실행해보기: 배치 크기에 따른 학습 경로 시각화

python
import numpy as np
import matplotlib.pyplot as plt

np.random.seed(42)

n_data = 200
X = np.random.randn(n_data, 1)
y_true = 3 * X + 2 + np.random.randn(n_data, 1) * 0.5

def train_with_batch_size(X, y, batch_size, lr=0.05, epochs=50):
    w = np.random.randn(1, 1) * 0.5
    b = np.zeros((1, 1))
    loss_history = []
    n = len(X)

    for epoch in range(epochs):
        indices = np.random.permutation(n)
        epoch_loss = 0
        n_batches = 0

        for start in range(0, n, batch_size):
            end = min(start + batch_size, n)
            batch_idx = indices[start:end]
            X_batch = X[batch_idx]
            y_batch = y[batch_idx]

            y_pred = X_batch @ w + b
            error = y_pred - y_batch
            loss = np.mean(error ** 2)
            epoch_loss += loss
            n_batches += 1

            grad_w = 2 * X_batch.T @ error / len(X_batch)
            grad_b = 2 * np.mean(error)
            w -= lr * grad_w
            b -= lr * grad_b

        loss_history.append(epoch_loss / n_batches)

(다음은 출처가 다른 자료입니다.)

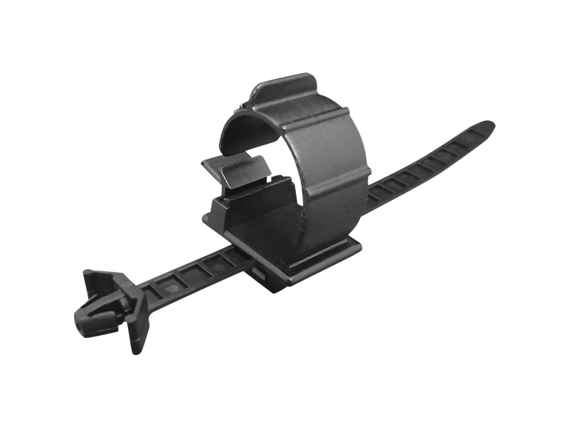 Round adjustable Lock Wire Clip with slider mechanism for securing an IEC AC power connector to a Chassis Push-Mount strap. Material Nylon 66. Color Black. Prevents accidental disconnection of the cord

    return loss_history, w.item(), b.item()

batch_sizes = [1, 16, 64, 200]
labels = ["BS=1 (SGD)", "BS=16", "BS=64", "BS=200 (Full Batch)"]
colors = ["red", "orange", "green", "blue"]

plt.figure(figsize=(10, 5))
for bs, label, color in zip(batch_sizes, labels, colors):
    losses, final_w, final_b = train_with_batch_size(X, y_true, bs)
    plt.plot(losses, label=f"{label} (w={final_w:.2f}, b={final_b:.2f})", color=color, linewidth=2, alpha=0.8)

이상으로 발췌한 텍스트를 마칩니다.